The machine has two ethernet interfaces (on-board):
100Mbit eri0 BaseT and 1000Mbit ge0 BaseSX (optical).
For years I did not have access to a proper switch in order to
connect this optical interface (I used old legacy unsupported 100MBit
BaseT rh0 realtek PCI card which is out of order now instead).
Now my institute installed new HP 5300cl gigabit switch and I've got
also optical tranceiver. So I connected SC port to the switch
with proper cable, configured and it worked for few months.
>From time to time I observered some problem with transfering
files between my servers but they were temporary...
Now my transfering scripts stopped working ...
After investigations I discover that transfer between master server
(this V880) and slave servers (other V440 - ce gbit) hangs around 835MBytes
(it's happens rarely I need to tranfer so bid chunk of data in one tranfer) ...
The size (at which transfer brakes) is alomost irreleveant on which way of
transfer I choose:
rcp
tar -cf- |rsh "tar -xf"
ftp
... (only scp does the trick but as I learned scp can resend data automaticly)
(but scp is very slow and consumes much CPU).
Also reboot does not change anything (it stops just around 876554220 bytes
(+- 86000 bytes depending on transfer method)).
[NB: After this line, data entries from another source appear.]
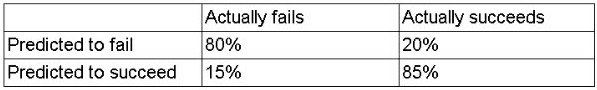 Treat each ''predicted-to-fail'' and ''predicted-to-succeed'' row as coming from 100 cases apiece (200 total).
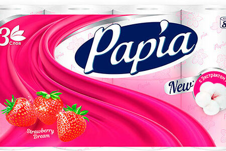 Туалетная бумага Papia Клубничная мечта 3 слоя 8 рулонов доставка
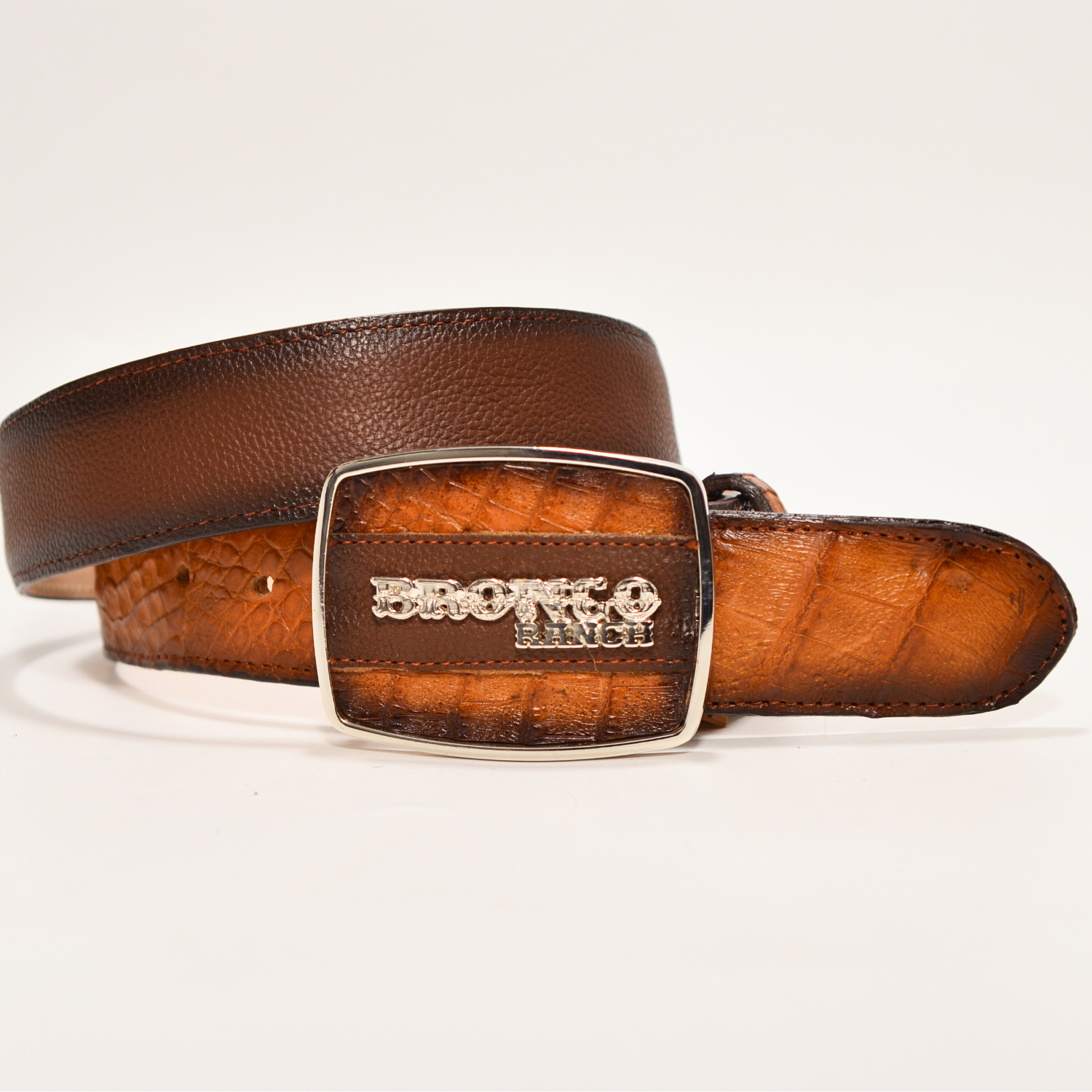Hebilla metálica personalizada: Con el logo “BRONCO RANCH” grabado sobre piel cocodrilo.
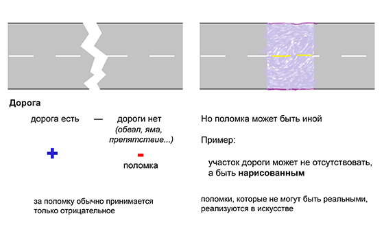 Здесь, как и в случае с авангардом, поломка просит рассматривать ее в отношении к закостенелому социальному и культурному устройству. Большее понимание нам дают дадаизм и сюрреализм, чьи радикальность и иррационализм способны не просто силой остановить поезд на рельсах истории, чтобы сменить локомотив, а вообще переместиться на другие рельсы. Поломка часто, а может, и всегда связана с некоторым сдвигом относительно оси диалектического противоречия. То есть она существует вне чистой оппозиции, она не позволяет отдельному произведению искусства быть свернутым, разрешенным, нечто остается нередуцируемым, недосказанным. Это трудно схватить, оно ускользает.

This behaviour is fully repeatable ...
Even more strangely: this happens only when I "put" data on
slave servers. If I "get" them from slaves I can transfer
everything with speed up to 430Mbits/s ... No errors.
I googled around and searched on SunSolve and even found similar
cases for Solaris 2.6 in 2001-2002 and for SOlaris 8 in 2004 ... for exactly
this driver (gem). And I found a latest patch for the driver (dated Jul 1st, 2005)
117119-05 and installed it and rebooted machine. But no better.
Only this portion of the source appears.